Results: Table 6 shows the results using visual counterfactuals from our method and from [22, 59]. We observe that our method is significantly better compared to prior work in correctly identifying discriminative part-attributes. Given that all other factors were controlled across the three methods, we argue that this improvement is due to our counterfactuals being semantically consistent. Figure 7 shows the qualitative results. Notice that both the wing’s color and pattern are visually distinct in Fig. 7 (left), but the part-attribute explanation points out that the wing’s pattern mattered the most to the model while generating the counterfactual. Similarly in Fig. 7 (middle), the part-attribute explanation tells us that the crown color is most important. In both cases, the part-attribute information helps disambiguate the visual explanation. Figure 7 (right) shows a failure case caused by a wrongful prediction from the part-attribute classifiers.

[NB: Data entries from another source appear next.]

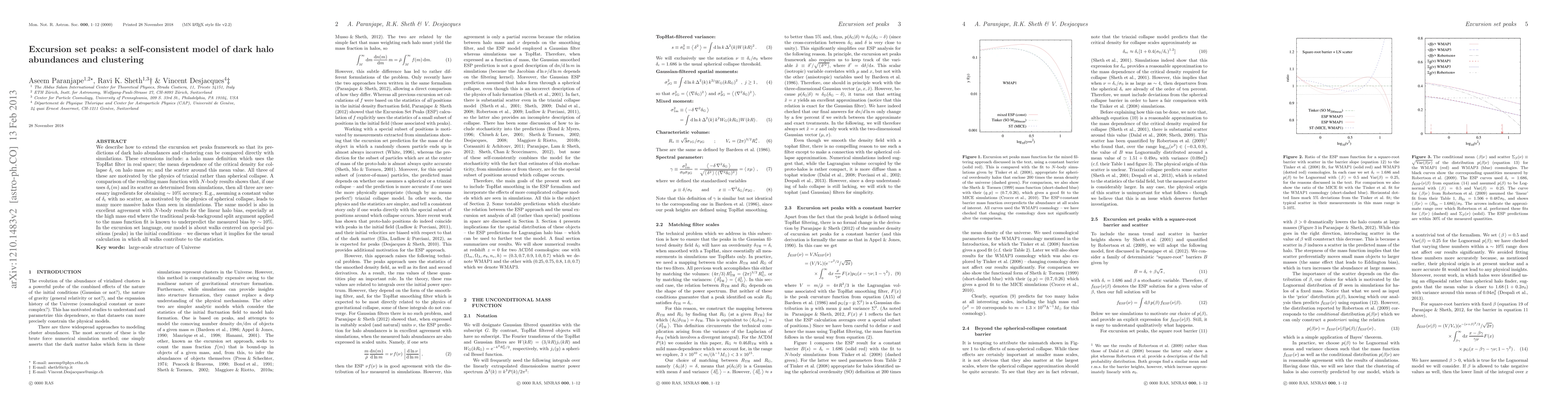 We describe how to extend the excursion set peaks framework so that its predictions of dark halo abundances and clustering can be compared directly with simulations. These extensions include: a halo mass definition which uses the TopHat filter in real space; the mean dependence of the critical density for collapse delta_c on halo mass m; and the scatter around this mean value. All three of these are motivated by the physics of triaxial rather than spherical collapse. A comparison of the resulting mass function with N-body results shows that, if one uses delta_c(m) and its scatter as determined from simulations, then all three are necessary ingredients for obtaining ~10% accuracy. E.g., assuming a constant value of delta_c with no scatter, as motivated by the physics of spherical collapse, leads to many more massive halos than seen in simulations. The same model is also in excellent agreement with N-body results for the linear halo bias, especially at the high mass end where the traditional peak-background split argument applied to the mass function fit is known to underpredict the measured bias by ~10%. In the excursion set language, our model is about walks centered on special positions (peaks) in the initial conditions -- we discuss what it implies for the usual calculation in which all walks contribute to the statistics.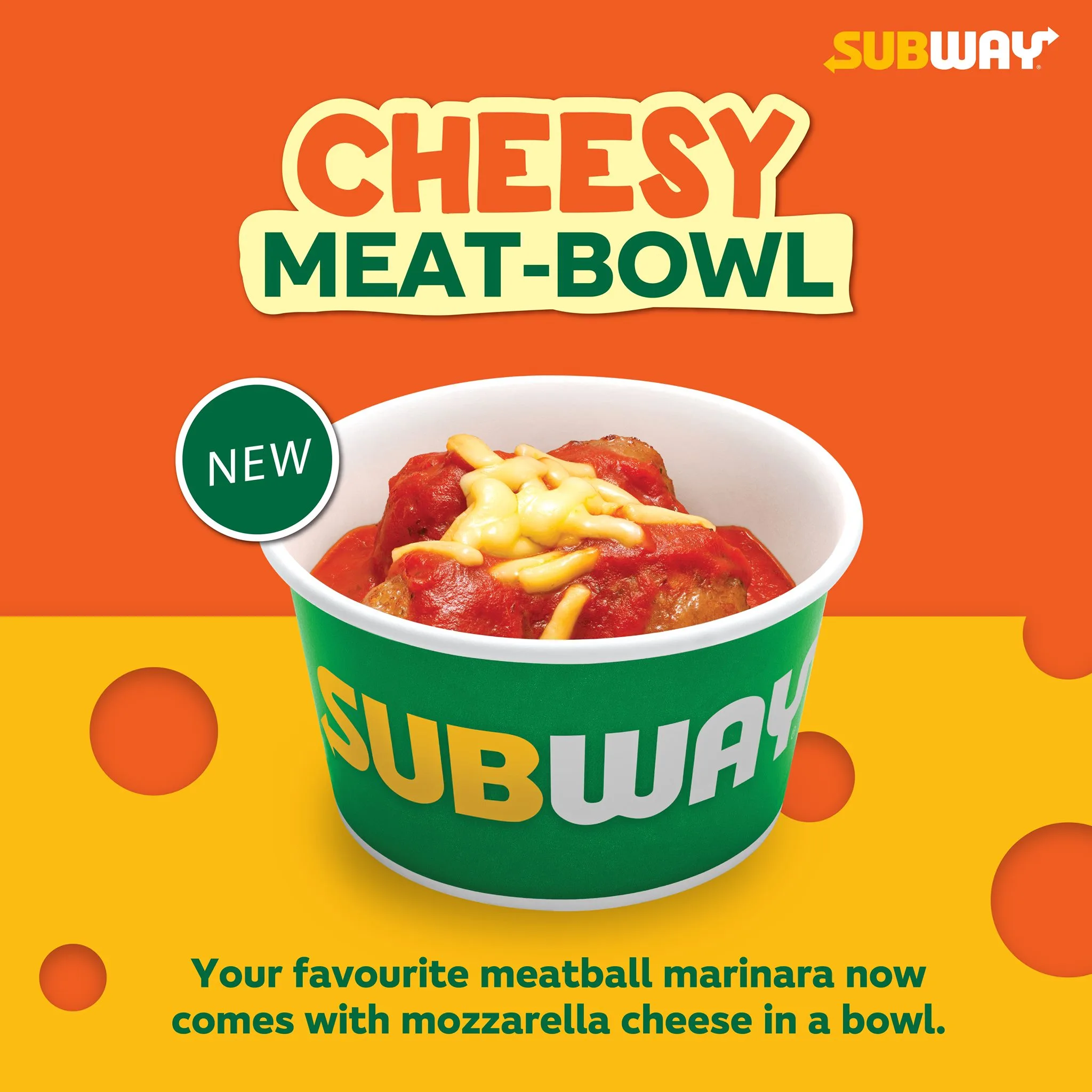 If you can’t get enough of the Meatball Marinara, you can now dig into the fan favourite meatballs with a melted layer of mozzarella cheese in one scrumptious simple bowl with Subway’s Cheesy Meat Bowl!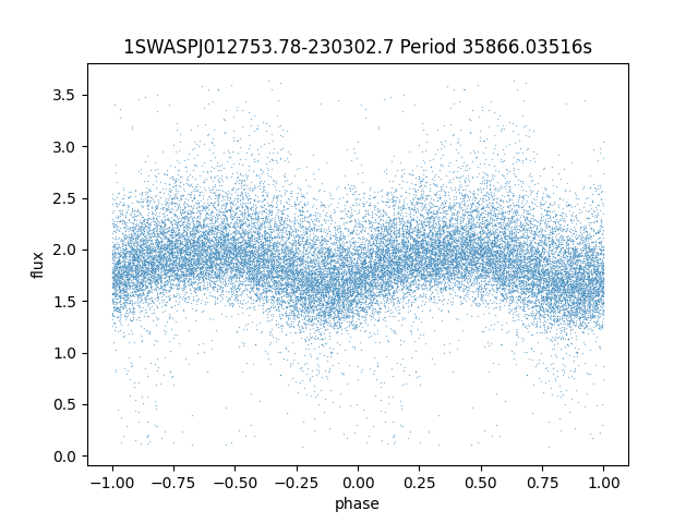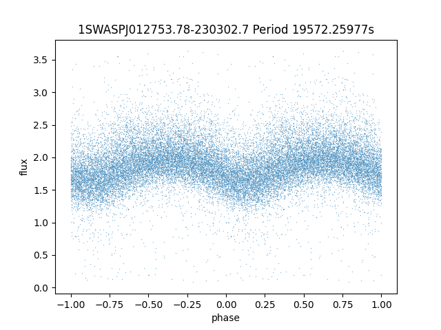 | 1SWASPJ012753.78-230302.7 | 14.31 | 19572.25977 ~ |

6 Conclusion and Future Work

We presented a novel framework to generate semantically consistent visual counterfactuals. Our evaluation shows that (i) our counterfactuals consistently match semantically similar and class-specific regions, (ii) our proposed method is computationally efficient, and (iii) our explanations significantly outperform the s-o-t-a. Further, we demonstrated the importance of semantically consistent visual counterfactuals via: (i) a machine teaching task on fine-grained bird recognition, and (ii) an approach to augment our counterfactuals with a human interpretable part and attribute vocabulary. Currently, our method greedily searches for one cell replacement at a time. Relaxing this constraint to explore multiple regions in parallel is a fruitful future research problem. Finally, we only scratched the surface in augmenting visual counterfactuals with attribute information. We hope that our work will spark more interest in this worthy topic by the community.